A unidade entre o primeiro e o segundo mandamento é apresentada, portanto, a todos os seguidores e seguidoras de Jesus: Como podes amar a Deus que não vês e rejeitar o irmão a quem vês? (Primeira Carta de João 4,20). De que adianta dizer ao Irmão: “Vai em paz”, sem lhe dar nada? “Assim, também a fé: sem as obras, ela está completamente morta” (Tiago 2,17). O amor não consiste, pois, em agradáveis sentimentos que possam nascer no coração, mas em centrar a nossa vida em Deus e, a partir dele, socorrer o próximo, seja ele quem for, como aparece na parábola do Bom Samaritano (Lucas 10,29-37). Um amor a Deus que esquecesse os seus filhos e filhas seria uma grande mentira.

Desse modo, para Jesus, o centro da religião não é a preocupação exagerada com o cumprimento minucioso de rituais de adoração a Deus. Importante mesmo é discernir a vontade do Pai e realizá-la. Ele mesmo, com palavras e ações, ensinou que a realização da vontade do Pai consiste em fazer da vida uma entrega cotidiana de amor aos irmãos, chegando, se necessário, até ao dom total de si mesmo. Ele, na véspera de sua paixão, durante a ceia, tomou o pão e disse: “Isto é o meu corpo que será entregue por vós”. E, ao final da Ceia, tomou o cálice em suas mãos e disse: “Este é o cálice do meu sangue, o sangue da nova e eterna aliança, que será derramado por vós e por todos” (Lc 22,19-20 – Oração Eucarística, n.º 4). 
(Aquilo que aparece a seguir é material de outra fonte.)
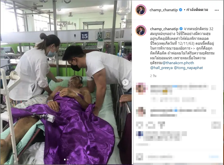 หัวอกคนเป็นลูกเมื่อเห็นว่าพ่อของตัวเองนั้นจะไม่ได้รับความเป็นธรรม ทำให้ เเชมป์ ชนาธิป โพธิ์ทองคำ ได้ออกมาโพสต์ผ่านไอจีของตัวเองว่า จากคนปกติครบ 32 สมบูรณ์ทุกอย่าง ใช้ชีวิตอย่างมีความสุข อยู่ๆเกิดอุบัติเหตุทำให้ต้องพิการตลอดชีวิต(เหตุเกิดวันที่ 12/11/63) ตอนนี้คดีอยู่ในการพิจารณาของอัยการ>> ถูกก็คือถูก ผิดก็คือผิด ถ้าพ่อผมไม่ได้รับความยุติธรรม ผมไม่ยอมแน่ๆ เพราะผมเชื่อในความยุติธรรม ไปเมื่อวันก่อน

Enfim, o que é essencial em nossa vida? Que lugar a família ocupa em nosso coração? Qual a importância que damos às eleições municipais? Enxergamos os pobres e sofredores ou eles são invisíveis para nós? Talvez essas perguntas poderiam ajudar a descobrir cada dia o que, de fato, é essencial e irrenunciável, seja qual for a nossa convicção religiosa ou filosófica.